# Q-Rich or JJ ?



## deannahum (Aug 7, 2003)

Who do you refer as starting SG ? Q-Rich or Joe Johnson ?


----------



## rebelsun (Nov 25, 2003)

I think the job should be JJ's to lose. I hope having Q behind him will motivate him to work harder.


----------



## Hibachi! (Sep 18, 2003)

Depends on what you need.

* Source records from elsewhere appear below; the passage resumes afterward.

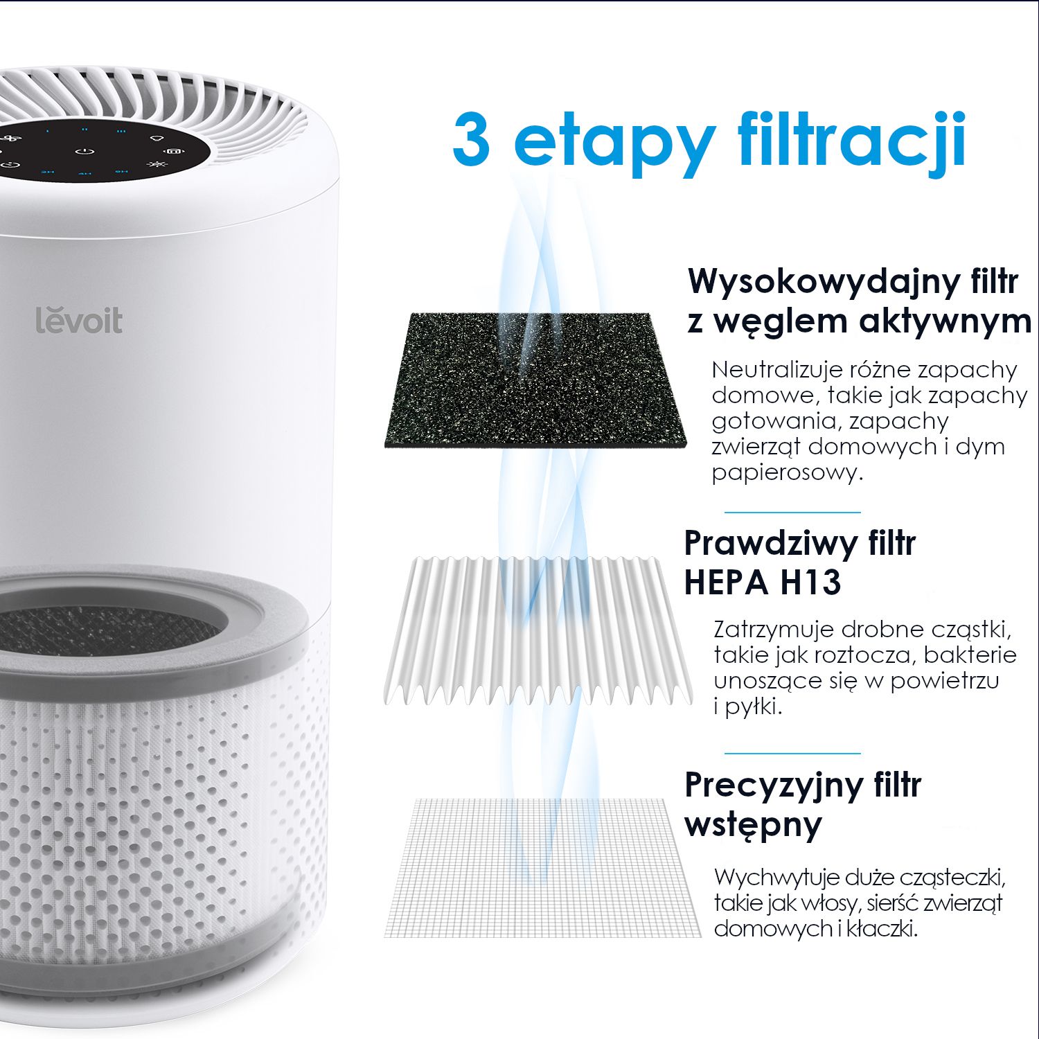 - 3-stopniowa filtracja: nylonowy filtr wstępny, filtr HEPA H13, wysoce wydajny filtr węglowy
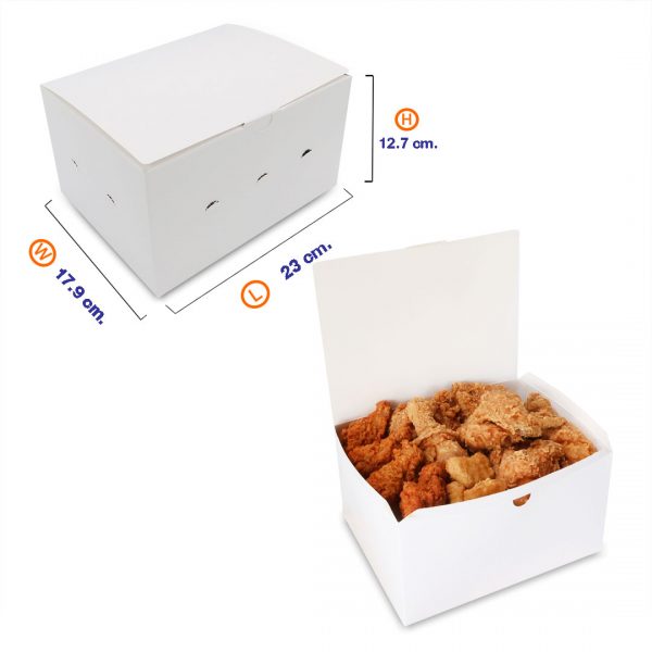 Made from 270-340 gsm paper, coated for food contact, oil and leak-resistant. The paper is imported, and the box maintains its shape well. The box is easy to fold and close, keeping food clean and safe. After use, it can be folded and disposed of without wasting space. The production process is safe for consumers and the environment.
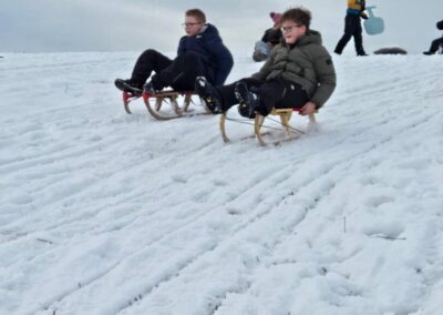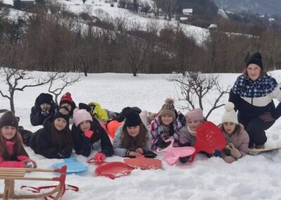 Učenici su po povratku u školu nastavili sa zimskim radostima. Spremni su došli u školu, obukli svoje zimske kombinezone, hlače, jakne, čizme, kapi, šalove i rukavice, uzeli u ruke sanjke te se prepustili uživanju. U galeriji možete vidjeti kako im je bilo zabavno i koliko su uživali.
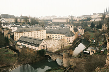 view over valley of river alzette in central luxembourg which is surrounded by many typical buildings and neumunster abbey.
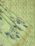 The chanderi cotton saree features a unique floral print, a small brocade border with gold zari accents, and a printed pallu with leaf designs. The saree is a stunning pista-green colour and comes with a self blouse.

Q-Rich can shoot the lights out, JJ can penetrate... With Nash being a shooter and usually having the ball in his hands, I would be more inclined to give the ball to Q-Rich, I think the Suns management is making a great move in trying to move Marion, because if they did, Q-Rich could play the 3... You can get someone pretty valuable for Marion...


----------



## deannahum (Aug 7, 2003)

Q is 6'5 can he really play the 3 ?

Marion is going to be traded for a big man thats for sure...


----------



## Rafaelaraujotody (Jul 16, 2004)

Q is better than JJ... a LOT better...


----------



## RJ May (Feb 10, 2004)

*Are you serious?*

Q-Rich is a good player but he's nowhere near JJ in terms of talent.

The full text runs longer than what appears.